#### [REQUIREMENT]
Print each entry again exactly as written, and keep the pictures out.

#### [SUPPLIED MATERIAL]

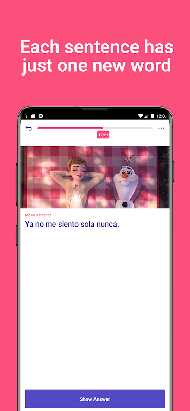 Wir haben auch eine coole KI, die dir ständig den nächstbesten Satz zum Lernen empfiehlt. Was ist der nächstbeste Satz? Es hat immer nur ein neues häufig verwendetes Wort.
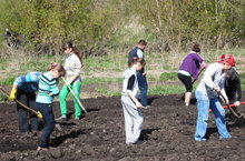 Сегодня коллективом нашей школы был проведён субботник на пришкольном участке. На грядках посеяли лук, свёклу, морковь.
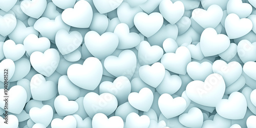 A white background with many white hearts scattered across it. The hearts are all different sizes and are placed in various positions. Scene is one of love and affection
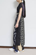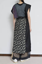 usedフローラルアイテムとusedメッシュタンク、デッドストックのバンダナ柄ジャガード地で仕立てたローブワンピース。
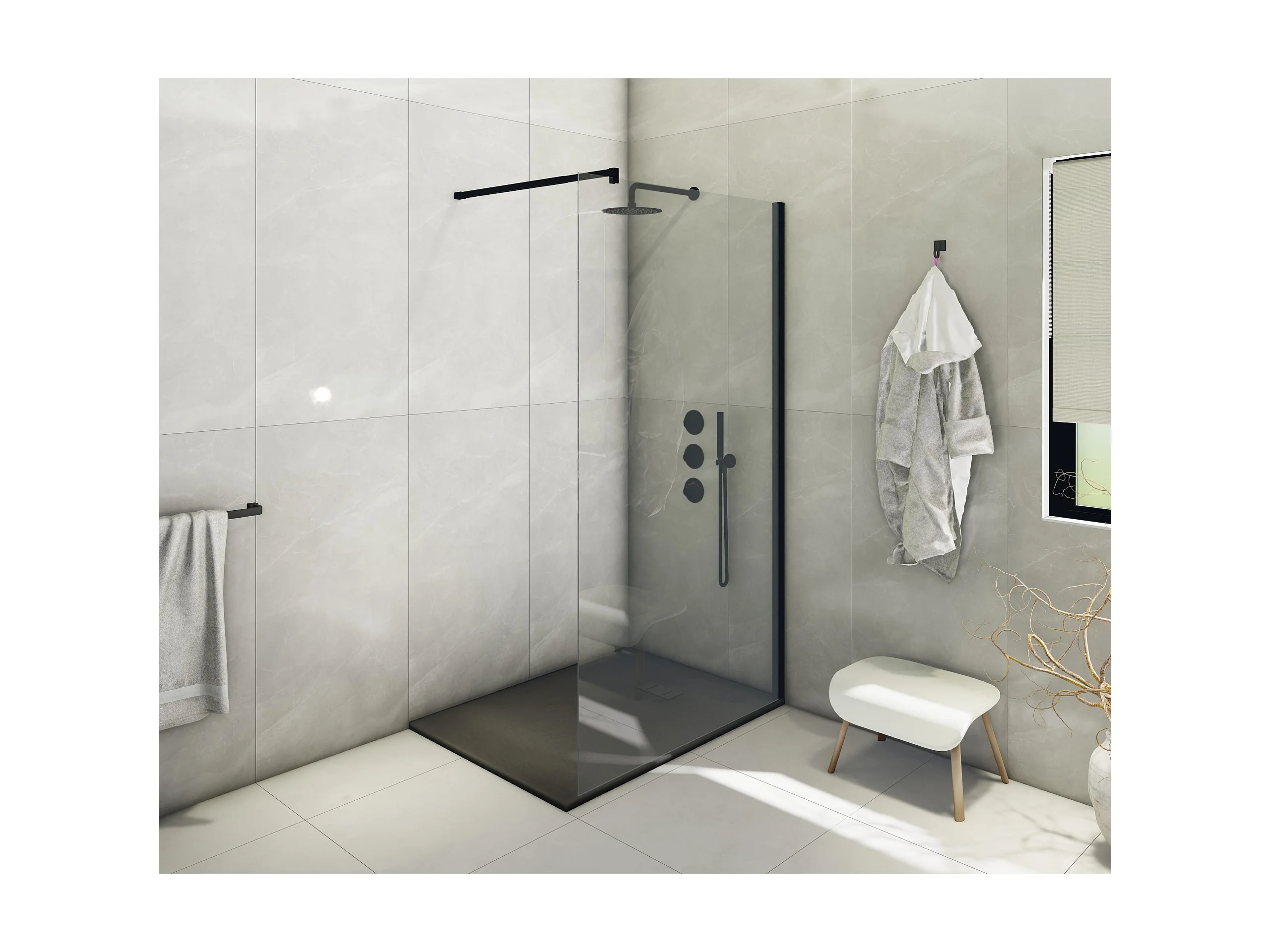 Receveur de douche SMC en fibre de verre effet pierre avec bonde inclus H. 2,6 cm 80 x 160 Noir

#### [ANSWER FOR THIS EXERCISE]
 Wir haben auch eine coole KI, die dir ständig den nächstbesten Satz zum Lernen empfiehlt. Was ist der nächstbeste Satz? Es hat immer nur ein neues häufig verwendetes Wort.
 Сегодня коллективом нашей школы был проведён субботник на пришкольном участке. На грядках посеяли лук, свёклу, морковь.
 A white background with many white hearts scattered across it. The hearts are all different sizes and are placed in various positions. Scene is one of love and affection
 usedフローラルアイテムとusedメッシュタンク、デッドストックのバンダナ柄ジャガード地で仕立てたローブワンピース。
 Receveur de douche SMC en fibre de verre effet pierre avec bonde inclus H. 2,6 cm 80 x 160 Noir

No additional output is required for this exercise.